This project aims to apply Multinomial Logistic Regression to classify more than 2 classes. The available Iris data will be used for this classficiation problem
data("iris")
head(iris)
## Sepal.Length Sepal.Width Petal.Length Petal.Width Species
## 1 5.1 3.5 1.4 0.2 setosa
## 2 4.9 3.0 1.4 0.2 setosa
## 3 4.7 3.2 1.3 0.2 setosa
## 4 4.6 3.1 1.5 0.2 setosa
## 5 5.0 3.6 1.4 0.2 setosa
## 6 5.4 3.9 1.7 0.4 setosa
str(iris)
## 'data.frame': 150 obs. of 5 variables:
## $ Sepal.Length: num 5.1 4.9 4.7 4.6 5 5.4 4.6 5 4.4 4.9 ...
## $ Sepal.Width : num 3.5 3 3.2 3.1 3.6 3.9 3.4 3.4 2.9 3.1 ...
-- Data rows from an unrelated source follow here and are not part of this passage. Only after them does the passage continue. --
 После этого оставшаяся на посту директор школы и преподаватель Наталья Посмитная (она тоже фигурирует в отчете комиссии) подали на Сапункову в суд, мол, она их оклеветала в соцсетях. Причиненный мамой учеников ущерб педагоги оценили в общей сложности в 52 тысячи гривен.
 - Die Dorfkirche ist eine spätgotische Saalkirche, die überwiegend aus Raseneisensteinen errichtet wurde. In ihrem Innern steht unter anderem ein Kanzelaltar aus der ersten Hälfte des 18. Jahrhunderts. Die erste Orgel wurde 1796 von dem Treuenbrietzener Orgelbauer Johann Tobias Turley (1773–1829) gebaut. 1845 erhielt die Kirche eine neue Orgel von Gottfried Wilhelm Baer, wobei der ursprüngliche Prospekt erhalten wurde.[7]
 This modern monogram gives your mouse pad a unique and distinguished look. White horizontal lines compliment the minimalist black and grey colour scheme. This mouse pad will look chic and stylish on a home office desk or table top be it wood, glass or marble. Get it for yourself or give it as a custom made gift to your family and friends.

## $ Petal.Length: num 1.4 1.4 1.3 1.5 1.4 1.7 1.4 1.5 1.4 1.5 ...
## $ Petal.Width : num 0.2 0.2 0.2 0.2 0.2 0.4 0.3 0.2 0.2 0.1 ...
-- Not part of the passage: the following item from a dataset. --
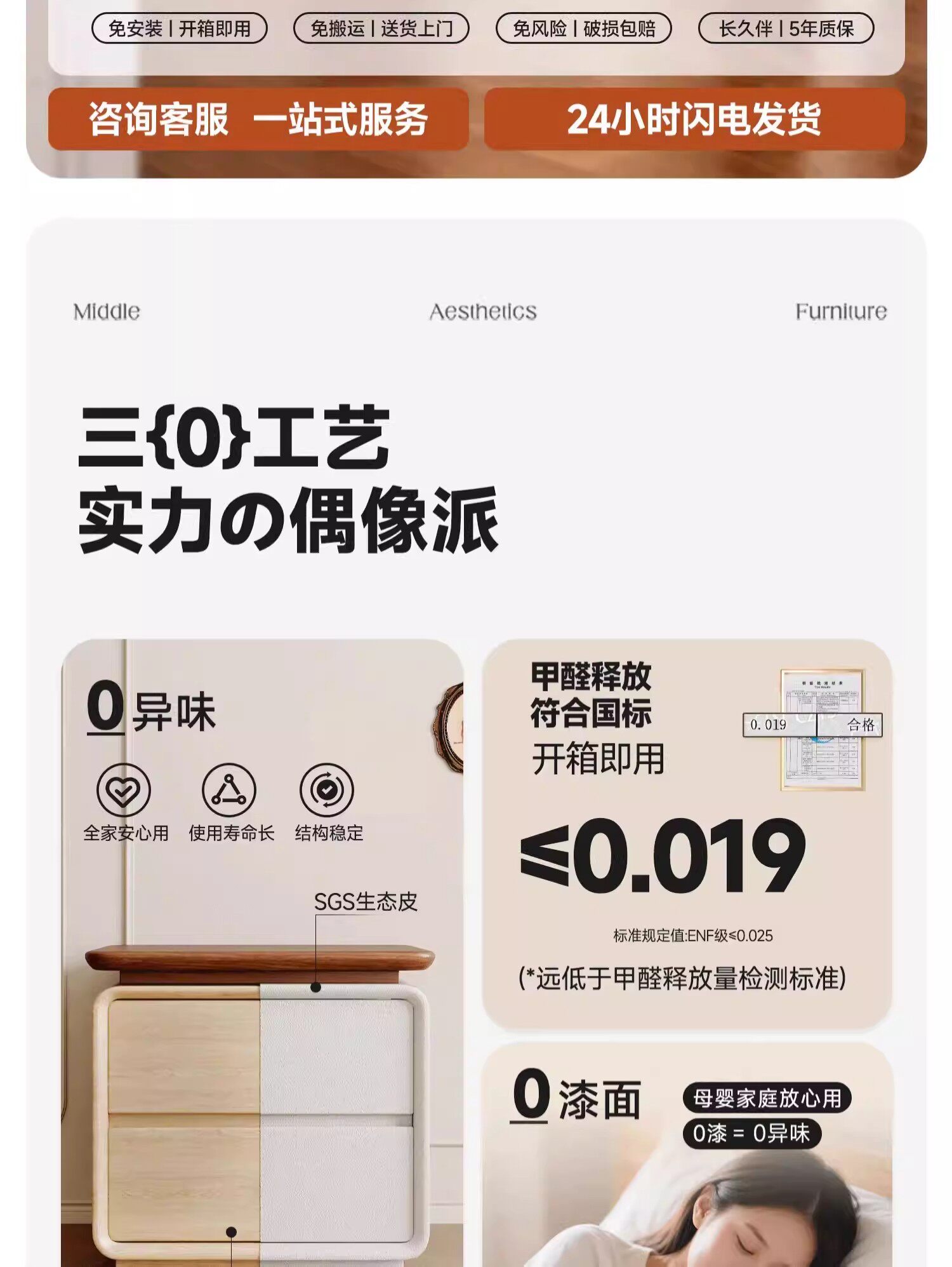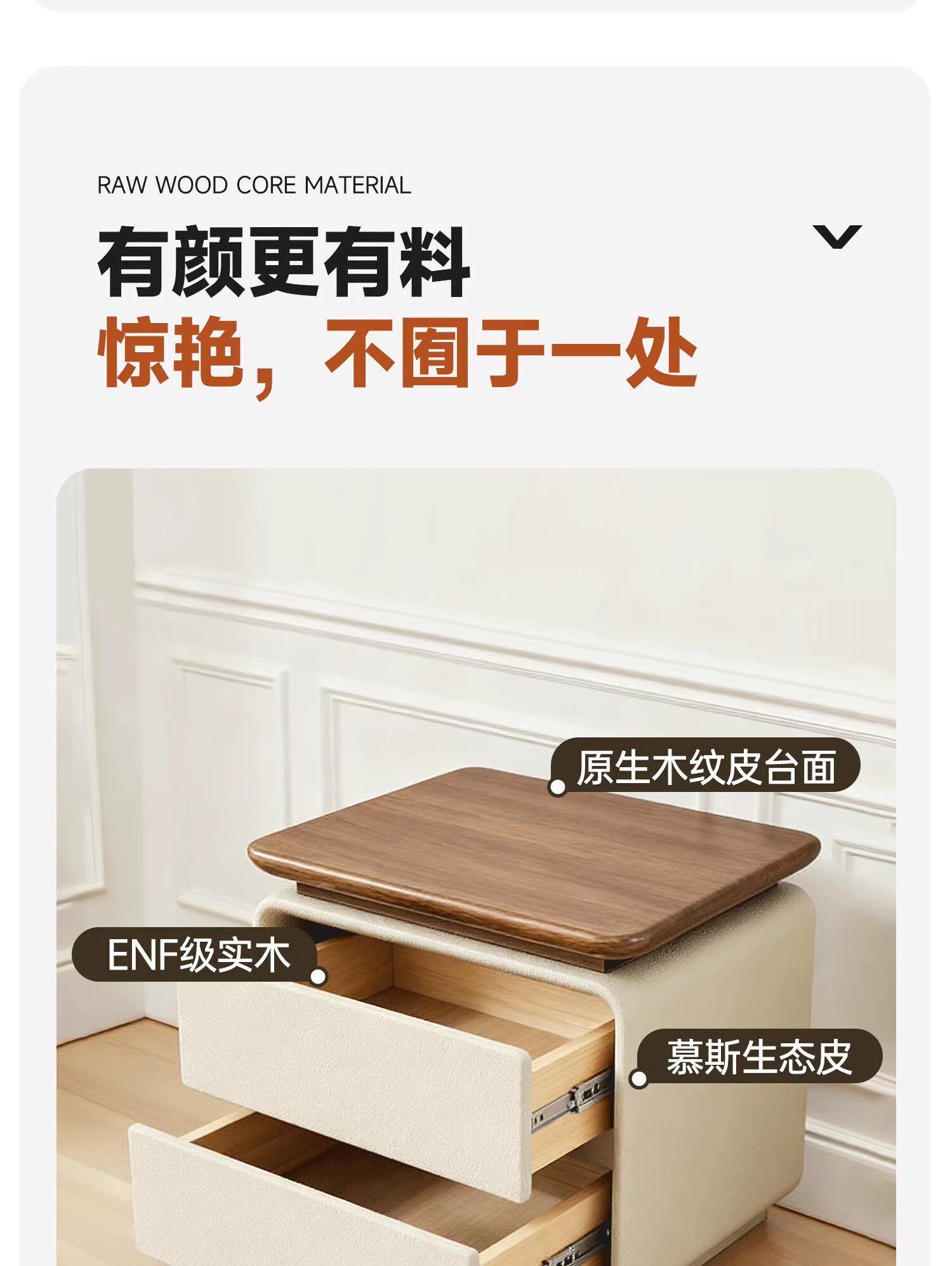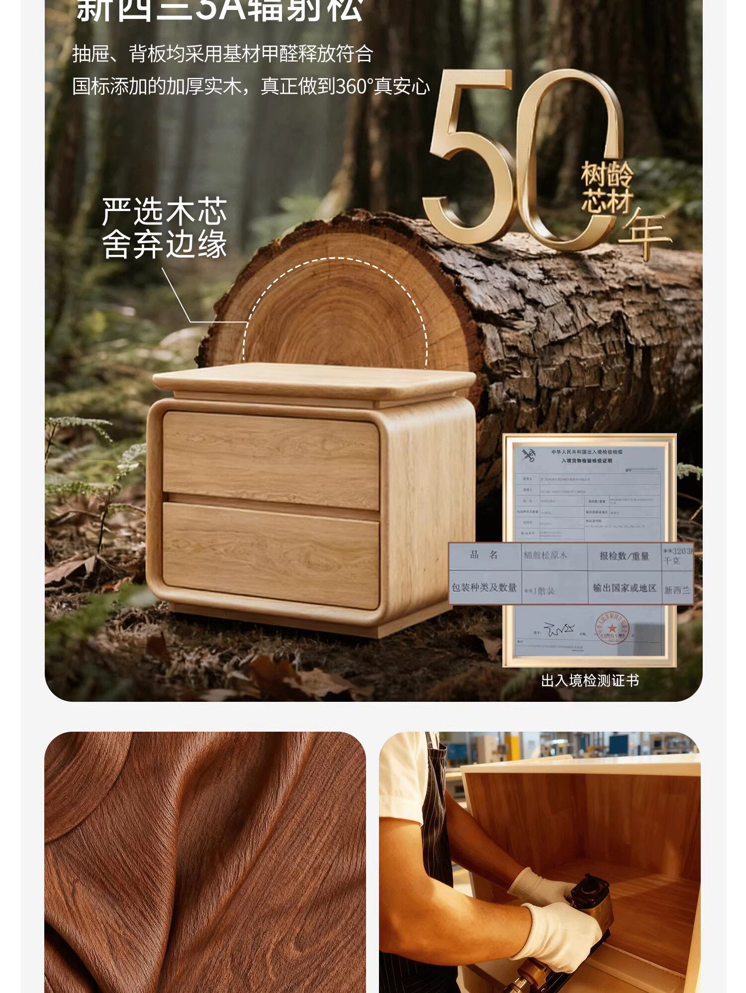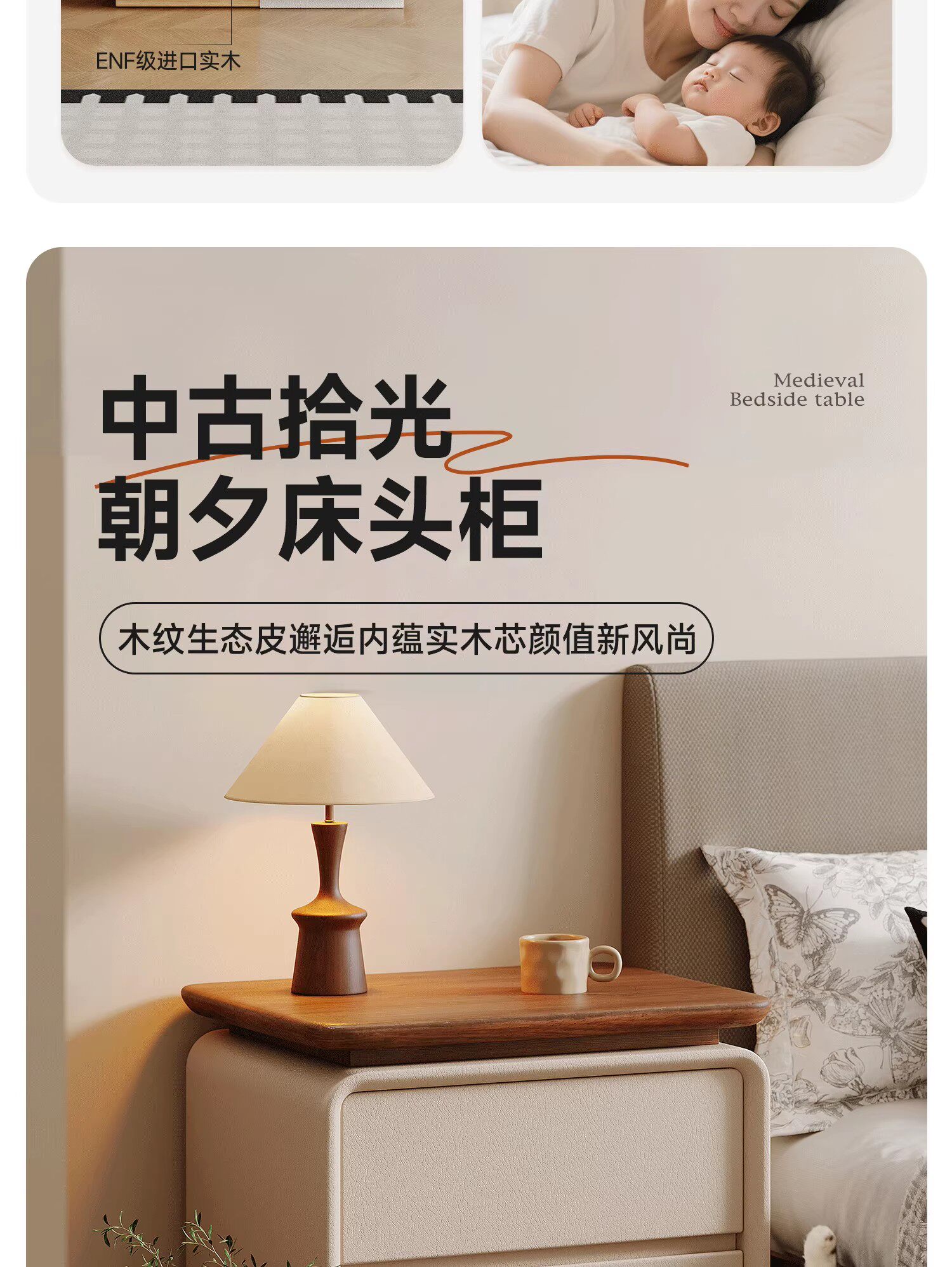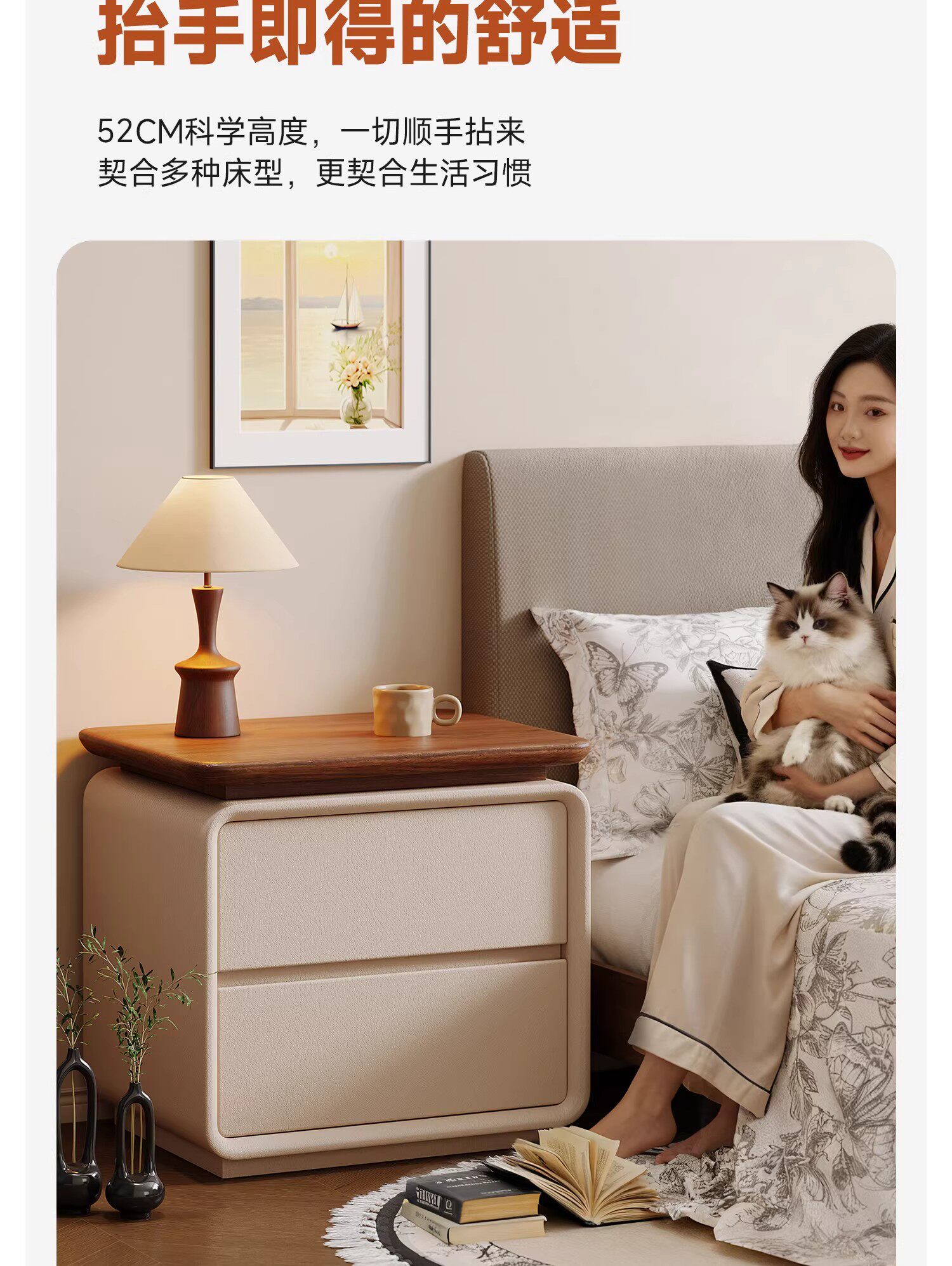 Imported Solid Wood Bedside Table, Modern, Simple, Light Luxury, High-End Bedroom Bedside Large-Capacity Storage Cabinet, 2026 New Model

## $ Species : Factor w/ 3 levels "setosa","versicolor",..: 1 1 1 1 1 1 1 1 1 1 ...
We have the last column represents three species responded to their characteristic in the first 4 variables. We will build the multinomial logistic regression model based on that four variables to predict their species.
Multinomial logistic regression requires the baseline for the probability calculation, we have to choose any one out of three species as the baseline.
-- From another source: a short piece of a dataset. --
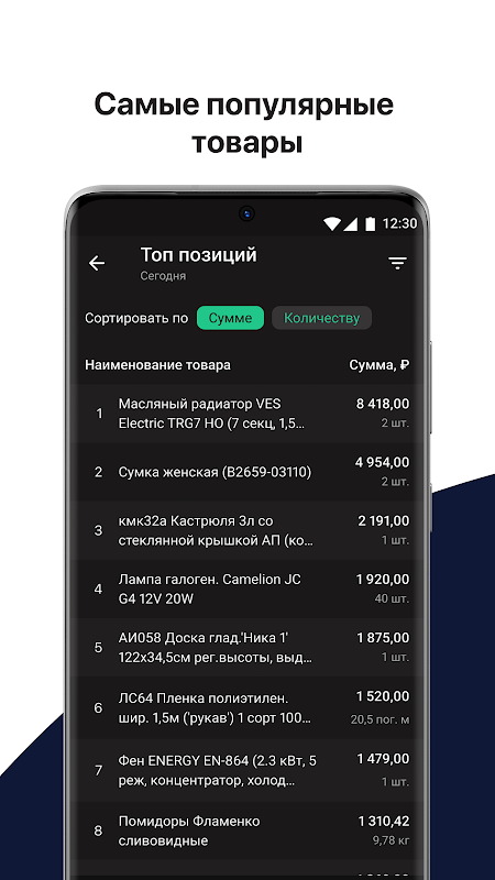 Ứng dụng này tạo danh sách các sản phẩm phổ biến nhất và hiển thị tỷ lệ thanh toán bằng tiền mặt và không dùng tiền mặt.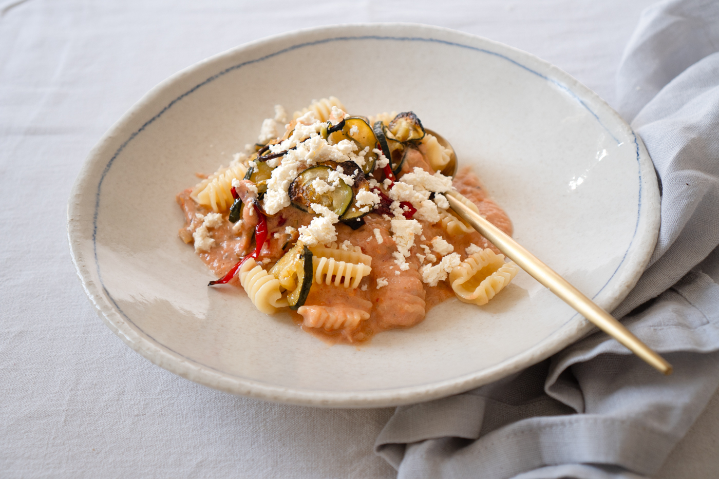 Dann den Seidentofu, den Bröseltopfen und Honig zugeben – alles mit dem Pürierstab glatt mixen. Das geröstete Ofengemüse zugeben – ein wenig als Deko zur Seite legen.

#Choose Setosa as the baseline
iris$base<-relevel(iris$Species,ref="setosa")
After choosing the baseline, we will create the model.
library(nnet)
model<-multinom(iris$base~Sepal.Length+Sepal.Width+Petal.Length+Petal.Width,data=iris)
## # weights: 18 (10 variable)
## initial value 164.791843
## iter 10 value 16.177348
## iter 20 value 7.111438
## iter 30 value 6.182999
## iter 40 value 5.984028
## iter 50 value 5.961278
## iter 60 value 5.954900
## iter 70 value 5.951851
## iter 80 value 5.950343
## iter 90 value 5.949904
## iter 100 value 5.949867
## final value 5.949867
## stopped after 100 iterations
model
## Call:
## multinom(formula = iris$base ~ Sepal.Length + Sepal.Width + Petal.Length +
## Petal.Width, data = iris)
##
## Coefficients:
## (Intercept) Sepal.Length Sepal.Width Petal.Length Petal.Width
## versicolor 18.69037 -5.458424 -8.707401 14.24477 -3.097684
## virginica -23.83628 -7.923634 -15.370769 23.65978 15.135301
##
## Residual Deviance: 11.89973
## AIC: 31.89973
We can set up the formula based on the coefficient of our model.
\(y_1=\ln.\big(\frac{P(versicolor)}{P(setosa)}\big)=18.7-5.458.Sepal.Length-8.707.Sepal.Width+14.245.Petal.Length-3.097.Petal.Width\)
and
\(y_2=\ln.\big(\frac{P(virginica)}{P(setosa)}\big)=-23.836-7.923.Sepal.Length-15.370.Sepal.Width+23.659.Petal.Length+15.135.Petal.Width\)
then
\(\frac{P(versicolor)}{P(setosa)}=e^{y1}\)
and
\(\frac{P(verginica)}{P(setosa)}=e^{y2}\)
Since \(P(versicolor)+P(setosa)+P(virginica)=1\) then we obtain
\(P(setosa)=\frac{1}{1+e^{y_1}+e^{y_2}}\)
We will predict the classification by our multinomial logistic regression model.
predicted<-predict(model,iris)
tab<-table(Predicted=predicted,Actual=iris$base)
print(tab)
## Actual
## Predicted setosa versicolor virginica
## setosa 50 0 0
## versicolor 0 49 1
## virginica 0 1 49
#Accuracy of the model
sum(diag(tab))/sum(tab)
## [1] 0.9866667
The accuracy of this model is up to 98.6%.